ARLINGTON -- Josh Hamilton is officially on Twitter.

Hamilton said he and his wife, Katie, have set up their own Twitter account and want everybody to know about it because they have grown weary of imposter accounts. Although Twitter attempts to verify and confirm all accounts of famous people, Hamilton said there were still plenty who were trying to pass themselves off as him.

Hamilton's account is called TheJoshHamilton.

"I'm sick of people passing themselves off as me," Hamilton said. "That's not fair for fans to think it's me."

Hamilton said both he and his wife will try to use the account as much as possible.

"She gets into it more than me," Hamilton said. "I'll definitely give some quotes and answer some questions."

Among other Rangers who use Twitter are Derek Holland, Mike Napoli, Brandon Snyder, Elvis Andrus and Neftali Feliz. Others have an account but aren't active.

Rangers give Andrus, Cruz a break vs. KC

ARLINGTON -- For the second straight day, two of the Rangers' biggest bats are missing in the starting lineup.

Elvis Andrus and Nelson Cruz got a day off as the Rangers faced the Royals on Tuesday night. Cruz, who has started all 36 games this season in right field, was one of 12 players in the Major Leagues who had played every inning in the field this year. Before Tuesday, Andrus missed just one game, a 5-3 win over the Mariners on April 12.

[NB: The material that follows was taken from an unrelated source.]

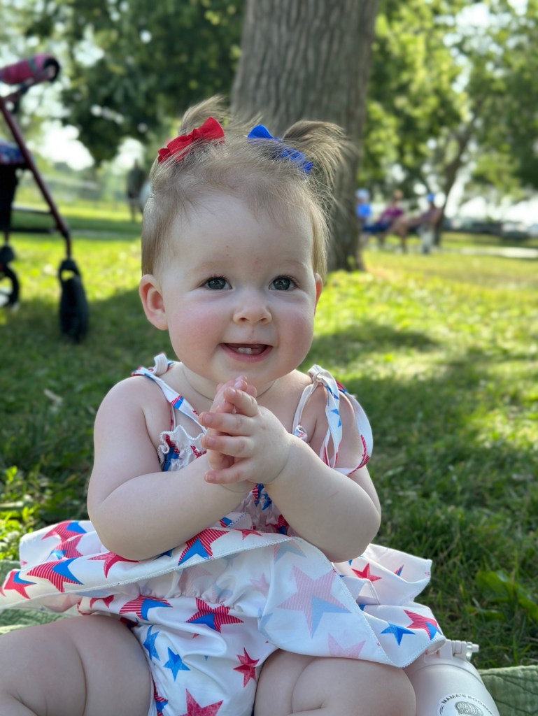 Alice was living her best life in the wind, outfit changes and all. I swear, she waved that tiny hand all the way through both games. By the time we left, she had to be all waved out. It was adorable. She’s got the coordination of a little cheer captain already.

"We need them for the rest of the year, not just in May," said manager Ron Washington. "Nelson played every game. He needed one. Elvis has been grinding just like him. He needed a day. We've won with both of them in the lineup and we've lost with them not in the lineup. They need a day. Today is theirs."

Alberto Gonzalez filled in for Andrus at shortstop and batted eighth, where he batted Monday night when he was at second base filling in for Ian Kinsler.

"It's a long season," Andrus said. "I wasn't too happy about it, but I understand it."

In his last eight games, Nelson Cruz was batting .469 with two home runs and eight RBIs, while Andrus was batting .426 with 10 runs scored in May.

"I still have a potent lineup," Washington said. "Even with Cruz and Andrus out ... we've got enough."

Washington said he would like to get both Michael Young and Josh Hamilton a day off at some point during the Rangers' two-game series with the Athletics on Wednesday and Thursday.

Rangers pitchers prepare for Interleague Play

ARLINGTON -- Rangers pitchers took batting and bunting practice Tuesday in preparation for Interleague Play, which begins on Friday against the Astros. The main focus was on bunting.

"All I'm worried about is getting the bunts down," said Derek Holland, who pitches on Saturday. "That way I can get the guys around to score runs for me. I feel really good bunting. We'll see how it goes."

Since Interleague Play began in 1997, Rangers pitchers have batted .139, the fifth-highest average for an American League team. Their 12 extra-base hits, which includes nine doubles, two triples, and a home run, are the most.

"If there's a man on, I'm bunting them unless he's on third," Washington said. "I don't like them to swing. But they're going to have to do it if the situation calls for them to swing. They have to do it."

Ryan's first no-no thrown 39 years ago vs. KC

ARLINGTON -- Nolan Ryan hadn't thought about it, but Tuesday was the 39th anniversary of his May 15, 1973, no-hitter against the Royals -- the first of his seven no-hitters and the first of three no-hitters in the history of Kauffman Stadium.

"I remember certain things about it because it was a big moment in my career that I never anticipated -- throwing a no-hitter. Never even thought about it," Ryan said. "So when it happened, it obviously was very exciting and meaningful."

Ryan, now president of the Texas Rangers, was then a hard-throwing, 26-year-old right-hander for the California Angels. In the 3-0 victory, he struck out 12 and issued three walks.

"Amos Otis was the last out, and Amos and I had been teammates, so I knew him pretty well," Ryan said. "He hit a long fly ball to right-center for the out. In that ballpark, that's a good place, because when people hit the ball in the air, there's a good chance you'll get him out."

Right fielder Ken Berry made the catch; he'd replaced Bob Oliver, who had homered, defensively in the seventh inning. Others of note in the Angels' lineup that day were designated hitter Frank Robinson, one of Ryan's fellow Hall of Famers, and center fielder Bobby Valentine, now the Red Sox's manager.

The Royals' lineup included manager-to-be Lou Piniella in left field and first baseman John Mayberry, who struck out in all three at-bats against Ryan. That day also happened to be George Brett's 20th birthday -- he turned 59 on Tuesday -- but at that time, he was still in the Minors. Brett debuted with Kansas City later that year on Aug. 2, and he and Ryan would retire on the same day as the 1993 season ended at old Arlington Stadium.

"I never viewed myself as a no-hit pitcher and I had no reason to think I'd ever be in that position again. So it was the start of a very interesting period in my career," Ryan said.

Two months later, on July 15, 1973, Ryan no-hit the Tigers at Detroit and would pitch five more no-hitters in his career.

-- Dick Kaegel is a reporter for MLB.com.

Worth noting

• Double-A Frisco infielder Jurickson Profar was 3-for-5 in the Roughriders' 5-4 victory over Midland on Tuesday. He has now hit safely in 25 straight games.

• The Rangers' pitching staff leads the American League with a 3.27 ERA and a 1.152 WHIP entering Tuesday. That gives them the second-best ERA in the Major Leagues and the fifth-best WHIP.

• Entering Tuesday, the Rangers had lost consecutive games only once this season, when they dropped three straight from May 1-4. They are 0-5 when trying to move 12 games above .500.